Update Sat Apr 19 00:30:38 PDT 2008 — ATM Switch Maintenance Complete. We have completed the replacement of the backup management card in our ATM switch and all went as expected. There should have been no customer impact, and traffic levels look normal on the switch. -Jared and Matt
Month: April 2008
ATM Switch Maintenance.
Fri Apr 18 11:29:19 PDT 2008 — ATM Switch Maintenance. Tonight at midnight, we will be replacing the management card in our ATM switch that started throwing errors on 4/2/08. This card is in a backup role on the switch and replacing it should not cause any customer impact. However, in the event of a failure, DSL service to customers on this ATM switch may experience up to 5 minutes of downtime. Potentially affected customers are DSL customers in the greater Bay Area, Chico, Stockton, and San Diego areas. -Jared and Matt
News Server Outage.
Thu Apr 17 12:21:00 PDT 2008 — News Server Outage. news.sonic.net is currently offline due to back to back disk failures in the redundant load balanced pair of servers that handle news readers services. At this time it is unclear how long it will take to restore news reader services.
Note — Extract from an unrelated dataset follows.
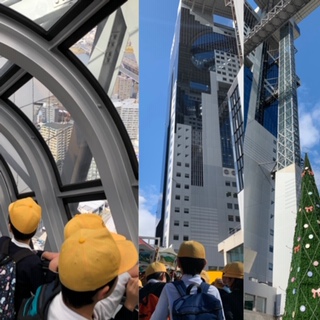天候にも恵まれ「梅田スカイビル」では、空中庭園から大阪の街を一望することができました。子どもたちは、淀川の大きさに驚いたり、淀川の向こうに木川小学校の校区を見つけ声をあげていました。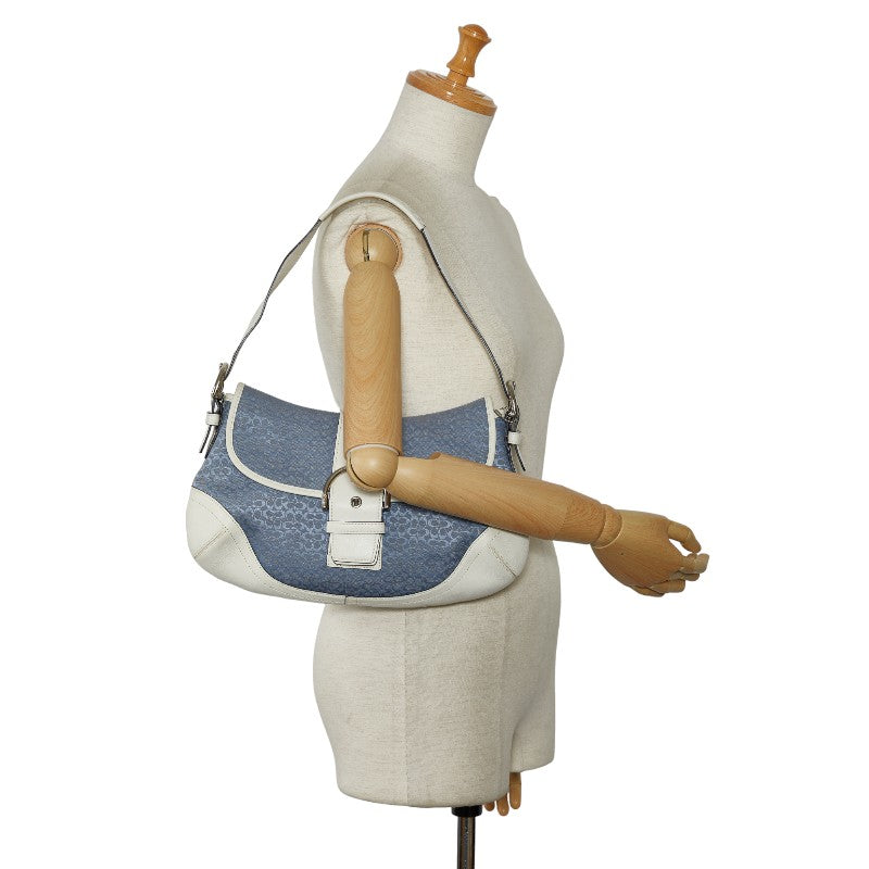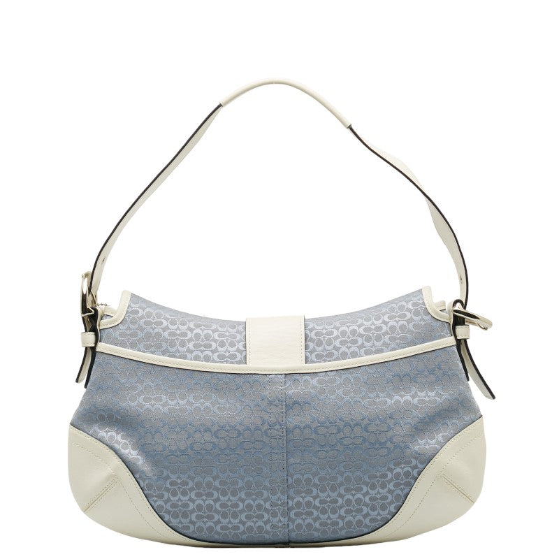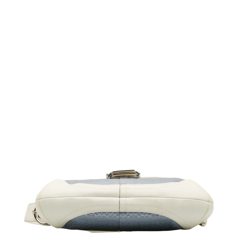 コーチ シグネチャー ショルダーバッグ 6808 ブルー ホワイト キャンバス レザー レディース COACH 【中古】

Failure One: Last night nnrp1 (the news reader slave server) was taken off-line due to a disk failure. Users may have seen poor news performance if their streams were on this cluster until it was taken off-line. The failed disk was replaced this morning with a spare and work was started to rebuild it and bring it back into service. Failure Two: The news server systems have removable face plates that cover all of the drive bays. In order to confirm the correct configuration of the drives in nnrp1, the faceplate for nnrp0 was removed to expose the hot swap disk carriers. At this point, nnrp0 (the now single, and master news reader server) unexpectedly powered off. Upon reboot, one of it’s news related disks has also hard failed.
We will continue efforts to restore news services as quickly as possible. In any case, it will take at least the remainder of the day to restore services and is likely that article numbering will be lost. -Kelsey
Update:: Thu Apr 17 15:31:16 PDT 2008 — We have scavenged parts from nnrp1 to rebuild nnrp0 and are currently restoring a backup that we hope will allow us to retain article numbering across all but our local sonic.* groups. Unfortunately, it is going to take several more hours before the data restoration is complete. If this fails, we will bring the server back up with all groups starting at zero. -Kelsey
Update:: Thu Apr 17 21:21:35 PDT 2008 — news.sonic.net is back online. We were able to restore nnrp0 with article numbering more or less intact but did lose numbering of our local groups as expected. At this time our spoolers and extra header feeds and busy pushing their backlogged header feeds in. Time will tell how big of a gap remains once it has caught up. Some users may find that they have to unsubscribe/subscribe from our local sonic.* news groups in order to see new news or force their news readers to do a full refresh of the group’s headers. -Kelsey
Los Angeles DHCP Failure.
Sat Apr 12 09:08:51 PDT 2008 — Los Angeles DHCP Failure. One of our DHCP servers in our Los Angeles PoP suffered a failure that prevented it from providing DHCP leases at approx. 2:30 AM today. This problem would have interrupted connectivity for dynamic IP DSL subscribers in the Los Angeles area until the problem was resolved 6 hours later at 8:40 AM. We apologize for the outage, and will be investigating the root cause of the problem our DHCP server experienced. -Jared and Tim
Custsql MySQL replication upgrade tonight.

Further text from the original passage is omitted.